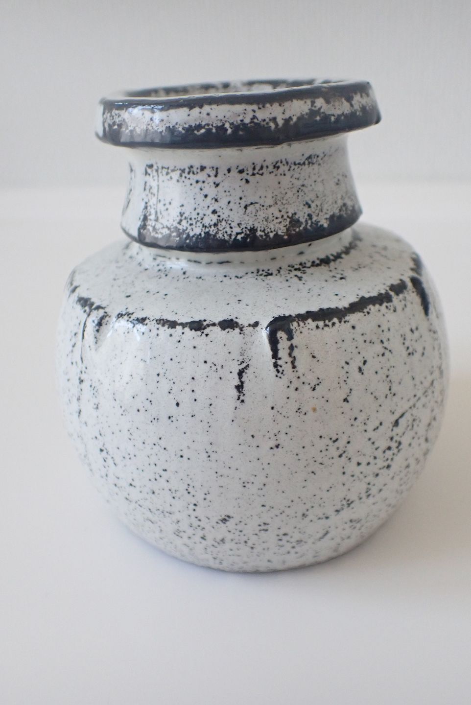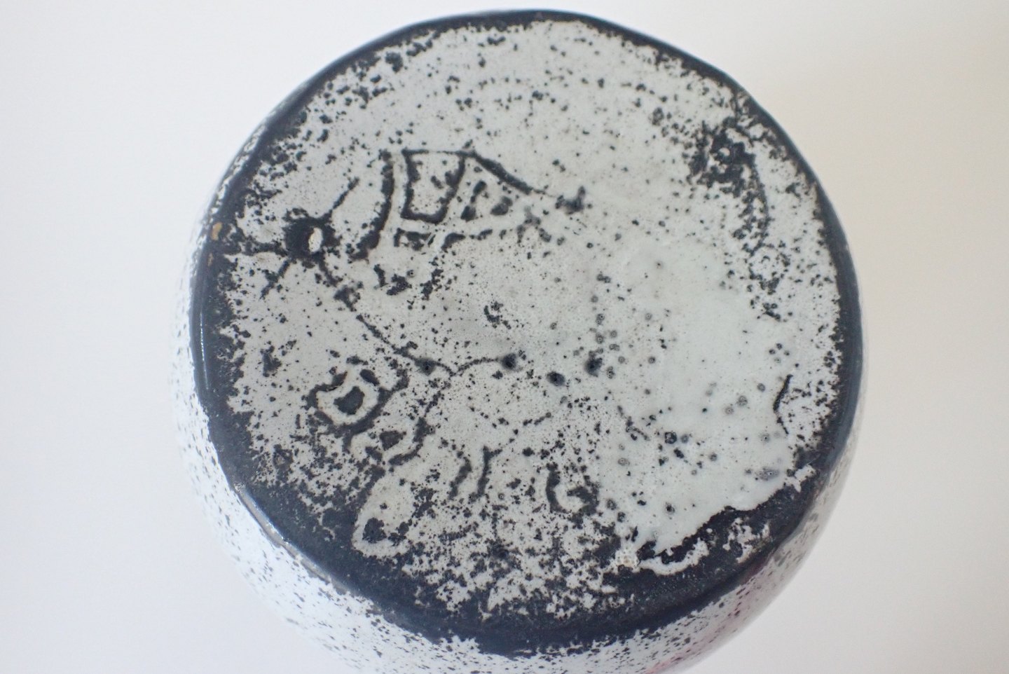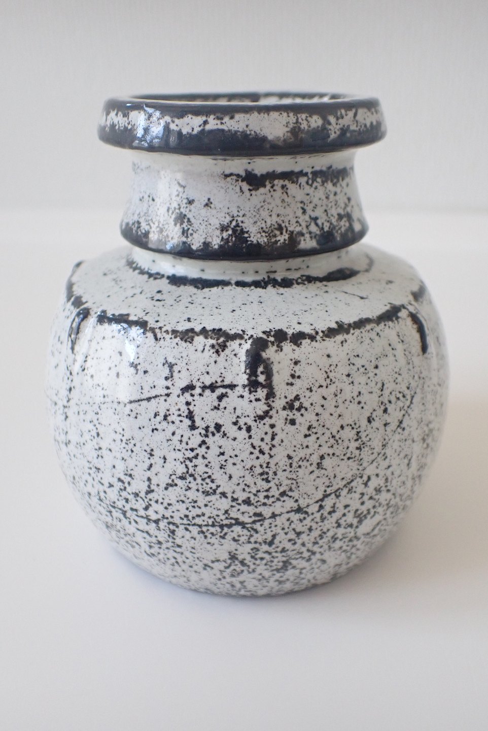 Svend Hammershøj (1873 - 1948) for Kähler. Buttet keramikvase i sort/hvid dobbeltglasur(askeglasur).Med smallere kantet hals og små dekorative "ører". Stemplet HAK, Denmark. Højde: 19,5 cm. I fin stand.
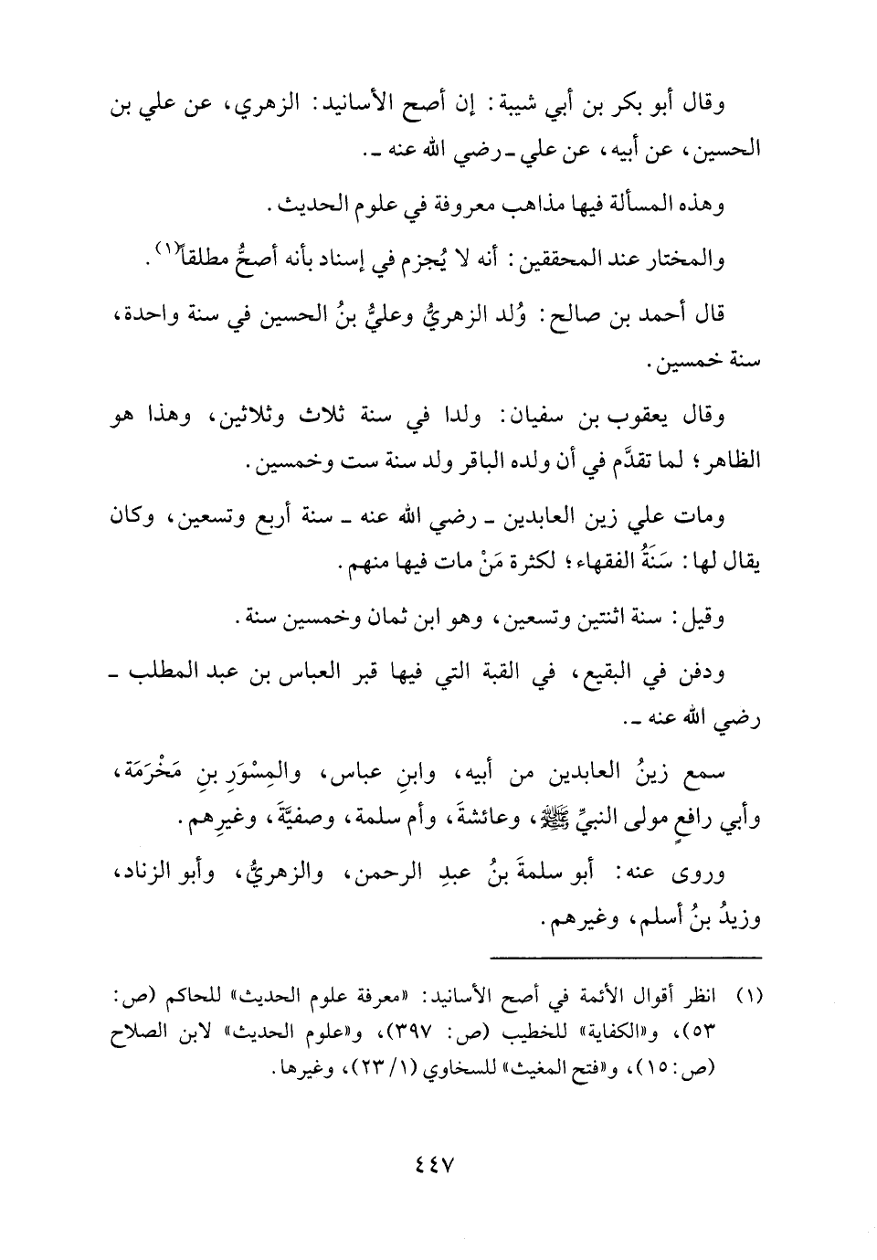 وقال أبو بكر بن أبي شيبة: إن أصح الأسانيد: الزهري، عن علي بن الحسين، عن أبيه، عن علي - رضي الله عنه -.
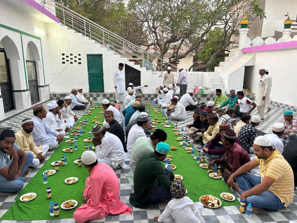 इफ्तार के वक़्त बड़ी तादाद में लोगों ने मस्जिद पहुंचकर रोज़ा खोला और मुल्क में अमन-ओ-अमान, खुशहाली और भाईचारे के लिए दुआएँ कीं।

### Exercise requirements:
An exact transcription of the data above is needed, without the pictures.

### Exercise solution:
 Svend Hammershøj (1873 - 1948) for Kähler. Buttet keramikvase i sort/hvid dobbeltglasur(askeglasur).Med smallere kantet hals og små dekorative "ører". Stemplet HAK, Denmark. Højde: 19,5 cm. I fin stand.
 وقال أبو بكر بن أبي شيبة: إن أصح الأسانيد: الزهري، عن علي بن الحسين، عن أبيه، عن علي - رضي الله عنه -.
 इफ्तार के वक़्त बड़ी तादाद में लोगों ने मस्जिद पहुंचकर रोज़ा खोला और मुल्क में अमन-ओ-अमान, खुशहाली और भाईचारे के लिए दुआएँ कीं।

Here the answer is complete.